UFC 157 Results: What Went Wrong for Dan Henderson

Andrew Saunders@SaundersMMACorrespondent IIFebruary 24, 2013

Feb 23, 2013; Anaheim, CA, USA; Dan Henderson (blue gloves) fights Lyoto Machida (red gloves) during their UFC welterweight bout at the Honda Center. Mandatory Credit: Jayne Kamin-Oncea-USA TODAY Sports
Jayne Kamin-Oncea-USA TODAY Sports

Six months ago, Dan Henderson was in final preparations for a planned matchup with UFC light heavyweight champion Jon Jones. Fast forward to today and you'll find the former PRIDE and Strikeforce champion in a completely different landscape.
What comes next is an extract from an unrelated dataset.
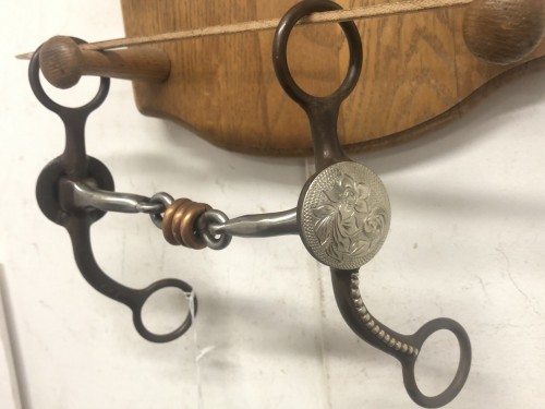 p^ 181 marked bit in unused condition by noted maker Pat Vaughn. Very popular style with 6 1/4" cheeks and 5" mouth. Very nice using bit by a top maker. We pay shipping within the 48 states and accept most forms of payment.
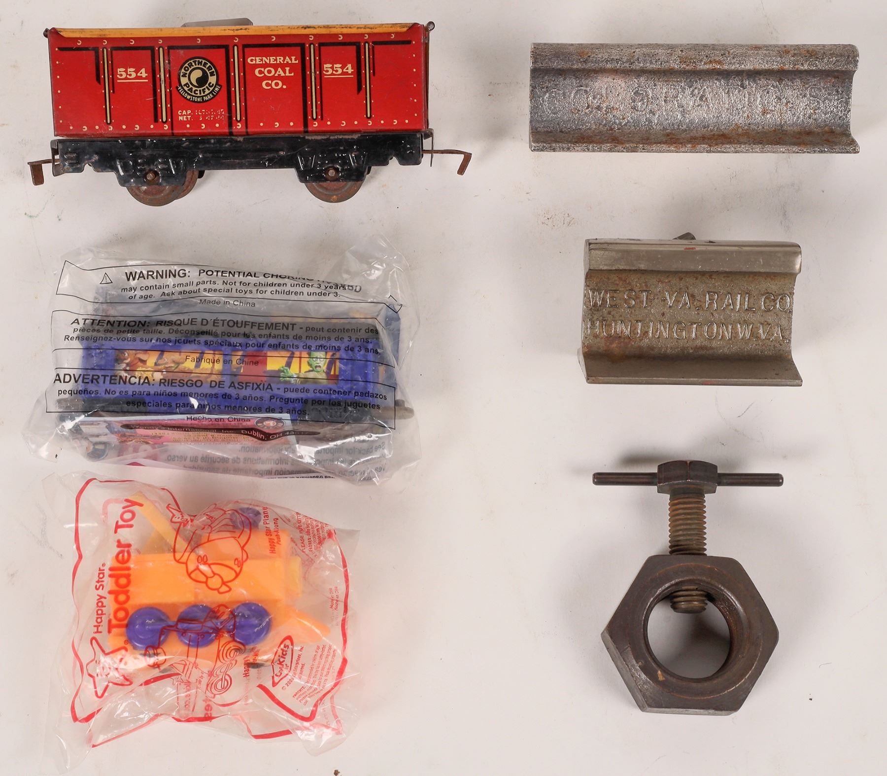 Small samples of self identified narrow gauge track. 3" West Va. Rail Co, Huntington, W Va. 5" Colorado S?? 3x small railroad toy cars. 2" metal nut nutcracker.

By now, you're all familiar with the story of how a knee injury forced Henderson from the UFC 151 card, and in the wake of his removal, the entire event was cancelled.

UFC president Dana White decided to skip over Henderson for the next title shot and instead hand it to teammate Chael Sonnen. If Hendo was going to fight for the belt, he would need to defeat Lyoto Machida at UFC 157.

On Saturday night, Henderson came up short in a split decision loss against "The Dragon." At the age of 42, this might have been the last opportunity for the bona fide legend to get UFC gold.

So what went wrong?

Lyoto Machida is a Stylistic Nightmare

Henderson is known for his powerful right hand as well as Olympic-level wrestling that has been known to put many a foe on their back. However, those two attributes were negated by Machida's evasive striking, speed advantage and excellent takedown defense.

Machida was able to time Hendo's attacks and had a powerful counter waiting on several occasions, including knees to the body and an interceptor left hand.

Henderson Lacked Aggression

If Shogun taught us anything about Machida, it's that a fighter with a solid-enough chin to absorb his punches can defeat him in a blow-for-blow exchange. Had Henderson pushed the action and cut off the cage, Machida would have been forced to deal with Hendo's power striking.

Instead, Machida was able to sit back, counter the few real attempts to score and win rounds in the eyes of the judges.

16 Months of Ring Rust 

Although Henderson didn't gas as badly on Saturday as he did in outings against Shogun Rua and Jake Shields, his energy level during this three-round affair was below what he needed to get the job done.

The best moment of the fight for Henderson came after Machida slipped and Hendo was able to push him over and gain top position. However, the iron-chinned warrior was unable to do damage with ground-and-pound in the third and final round.

Perhaps this loss signals the end of the road for Henderson. At 42 years old, no one would blame the guy for not wanting to start over in hopes of a title shot.

At the end of the day, all we know is that Dan Henderson is a legend of this sport who simply wasn't able to earn the elusive title shot that he has been aching for since 2008. Whether or not he chooses to continue his journey has yet to be decided.